■ DATASET ENTRIES
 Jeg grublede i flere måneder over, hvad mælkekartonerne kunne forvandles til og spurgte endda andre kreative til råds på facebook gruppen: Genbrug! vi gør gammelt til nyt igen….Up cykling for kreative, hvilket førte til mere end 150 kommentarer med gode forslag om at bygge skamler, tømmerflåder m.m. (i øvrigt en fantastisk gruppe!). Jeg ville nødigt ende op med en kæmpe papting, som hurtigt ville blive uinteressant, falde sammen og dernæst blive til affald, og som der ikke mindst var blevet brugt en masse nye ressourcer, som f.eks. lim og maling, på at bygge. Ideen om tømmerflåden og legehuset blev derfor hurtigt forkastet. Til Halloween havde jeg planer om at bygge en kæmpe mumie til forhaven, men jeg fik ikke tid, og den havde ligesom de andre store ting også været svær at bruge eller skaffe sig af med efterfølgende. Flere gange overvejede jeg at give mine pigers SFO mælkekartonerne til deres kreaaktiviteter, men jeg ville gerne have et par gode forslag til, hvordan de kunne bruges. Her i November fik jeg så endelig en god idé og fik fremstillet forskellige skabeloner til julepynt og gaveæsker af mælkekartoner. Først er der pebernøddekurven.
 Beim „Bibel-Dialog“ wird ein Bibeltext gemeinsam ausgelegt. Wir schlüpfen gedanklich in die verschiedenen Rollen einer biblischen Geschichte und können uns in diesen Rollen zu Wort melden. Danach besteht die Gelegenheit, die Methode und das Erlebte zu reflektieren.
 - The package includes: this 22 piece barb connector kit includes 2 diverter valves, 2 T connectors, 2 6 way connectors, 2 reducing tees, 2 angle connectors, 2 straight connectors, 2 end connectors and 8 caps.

==

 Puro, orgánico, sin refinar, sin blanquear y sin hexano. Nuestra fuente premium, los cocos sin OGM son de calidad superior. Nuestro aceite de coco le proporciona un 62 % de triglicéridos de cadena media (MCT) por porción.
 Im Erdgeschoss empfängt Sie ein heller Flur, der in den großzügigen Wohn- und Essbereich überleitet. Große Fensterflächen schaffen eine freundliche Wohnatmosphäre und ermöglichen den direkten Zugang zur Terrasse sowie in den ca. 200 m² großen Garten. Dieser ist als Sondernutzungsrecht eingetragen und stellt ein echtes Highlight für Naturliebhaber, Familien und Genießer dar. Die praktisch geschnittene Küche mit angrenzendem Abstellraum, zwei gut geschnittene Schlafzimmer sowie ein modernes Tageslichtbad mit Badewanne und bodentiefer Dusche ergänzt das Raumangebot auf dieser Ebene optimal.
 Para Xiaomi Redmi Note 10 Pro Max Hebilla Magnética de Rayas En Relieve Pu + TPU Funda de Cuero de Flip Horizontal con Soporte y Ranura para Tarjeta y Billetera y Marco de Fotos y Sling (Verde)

==

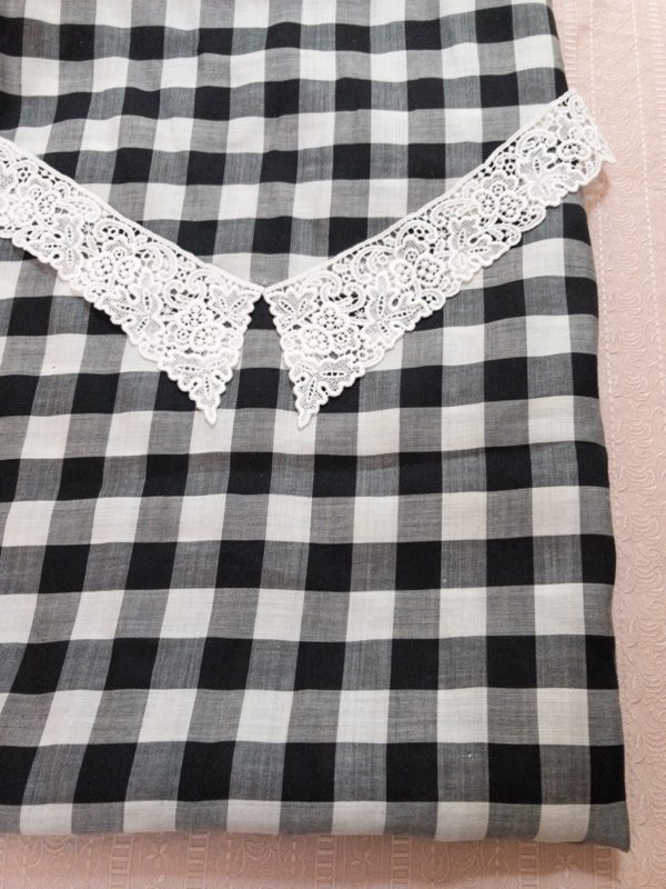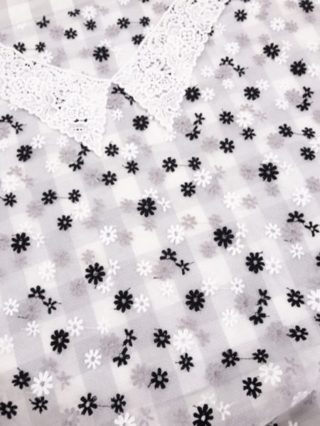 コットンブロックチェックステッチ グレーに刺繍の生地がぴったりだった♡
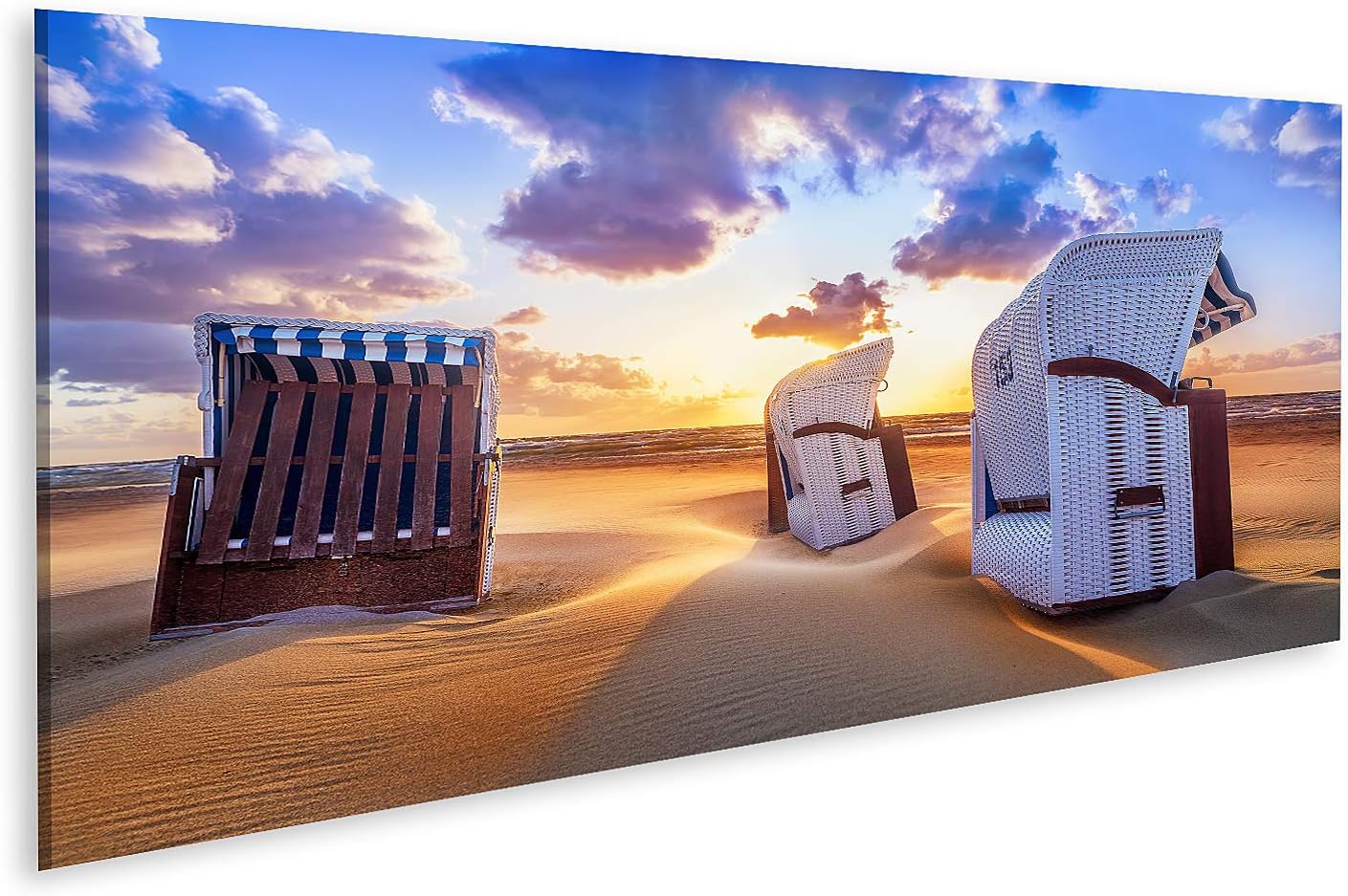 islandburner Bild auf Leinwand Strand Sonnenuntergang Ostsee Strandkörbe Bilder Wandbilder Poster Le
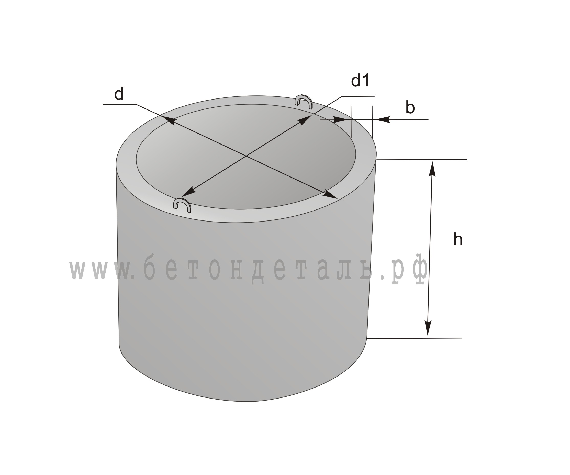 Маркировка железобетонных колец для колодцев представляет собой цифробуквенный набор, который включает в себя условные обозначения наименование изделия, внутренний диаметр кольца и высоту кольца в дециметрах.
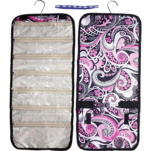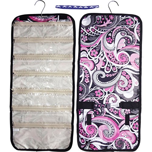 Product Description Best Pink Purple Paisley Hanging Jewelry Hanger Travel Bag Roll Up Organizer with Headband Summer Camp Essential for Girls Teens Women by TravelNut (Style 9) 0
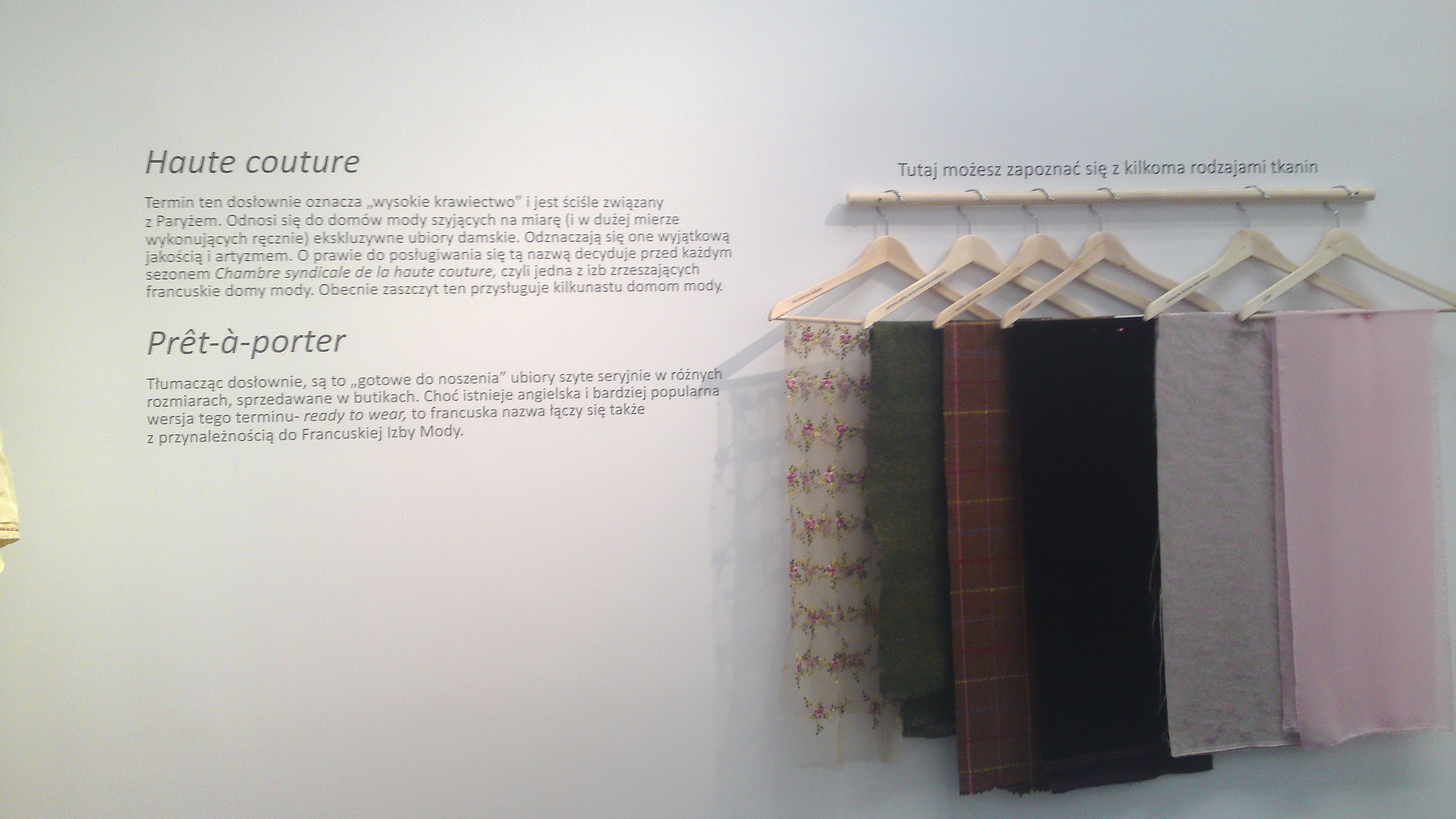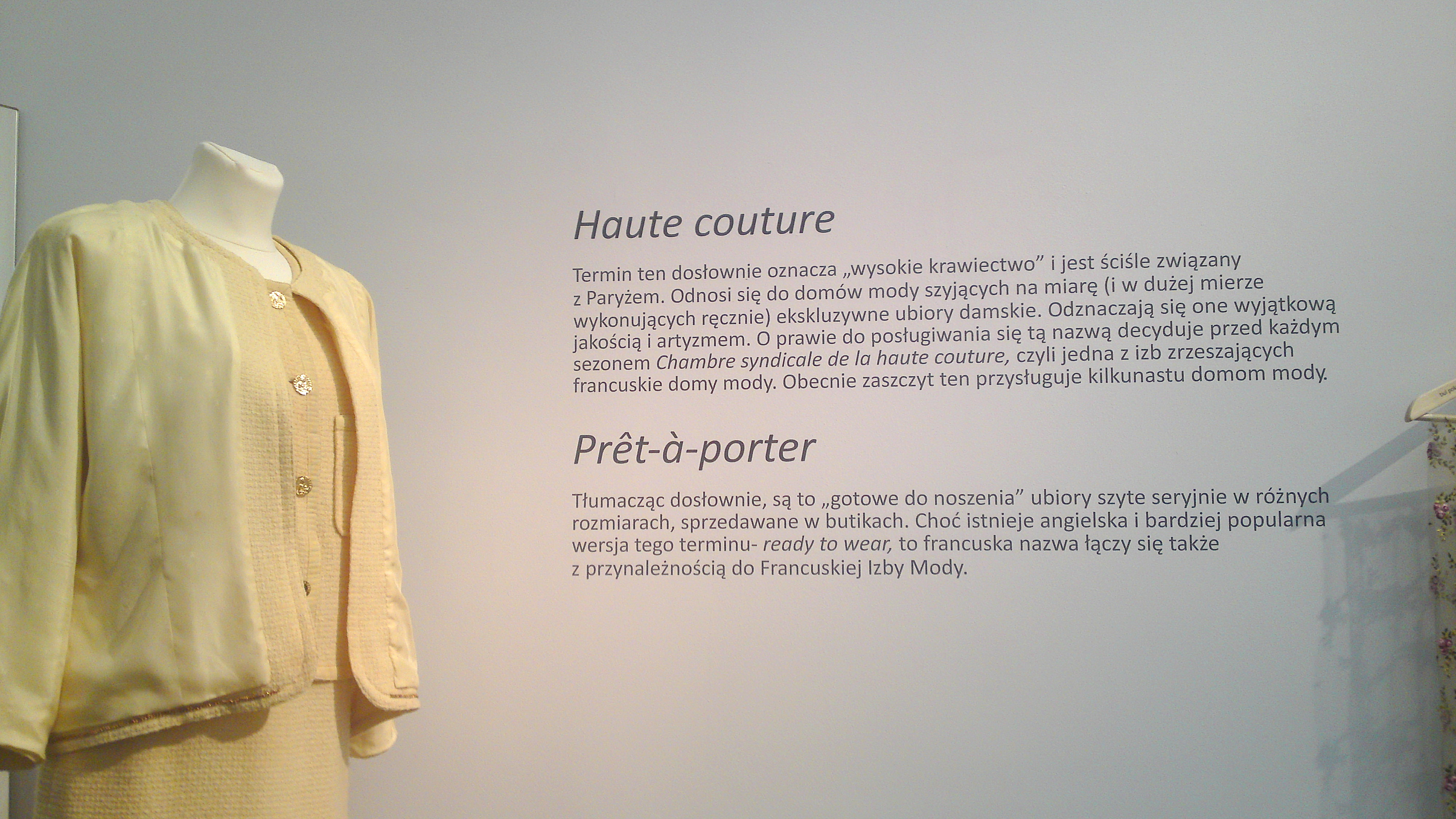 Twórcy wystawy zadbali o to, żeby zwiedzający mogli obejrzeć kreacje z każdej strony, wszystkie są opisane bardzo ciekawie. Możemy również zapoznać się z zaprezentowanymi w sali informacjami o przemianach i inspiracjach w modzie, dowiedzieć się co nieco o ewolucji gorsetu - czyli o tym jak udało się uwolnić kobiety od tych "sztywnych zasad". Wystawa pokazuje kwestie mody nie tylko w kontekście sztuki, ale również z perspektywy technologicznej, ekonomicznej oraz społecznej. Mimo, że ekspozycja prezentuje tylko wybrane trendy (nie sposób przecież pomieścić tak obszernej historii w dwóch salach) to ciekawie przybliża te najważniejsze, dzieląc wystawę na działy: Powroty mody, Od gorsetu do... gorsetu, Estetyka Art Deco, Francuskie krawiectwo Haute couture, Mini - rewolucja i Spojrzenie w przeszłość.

■ TASK ITEM
Beginning at the line above that contains "Im Erdgeschoss empfängt", return each line exactly through the line that contains "Para Xiaomi Redmi", and no others.

■ EXERCISE SOLUTION
 Im Erdgeschoss empfängt Sie ein heller Flur, der in den großzügigen Wohn- und Essbereich überleitet. Große Fensterflächen schaffen eine freundliche Wohnatmosphäre und ermöglichen den direkten Zugang zur Terrasse sowie in den ca. 200 m² großen Garten. Dieser ist als Sondernutzungsrecht eingetragen und stellt ein echtes Highlight für Naturliebhaber, Familien und Genießer dar. Die praktisch geschnittene Küche mit angrenzendem Abstellraum, zwei gut geschnittene Schlafzimmer sowie ein modernes Tageslichtbad mit Badewanne und bodentiefer Dusche ergänzt das Raumangebot auf dieser Ebene optimal.
 Para Xiaomi Redmi Note 10 Pro Max Hebilla Magnética de Rayas En Relieve Pu + TPU Funda de Cuero de Flip Horizontal con Soporte y Ranura para Tarjeta y Billetera y Marco de Fotos y Sling (Verde)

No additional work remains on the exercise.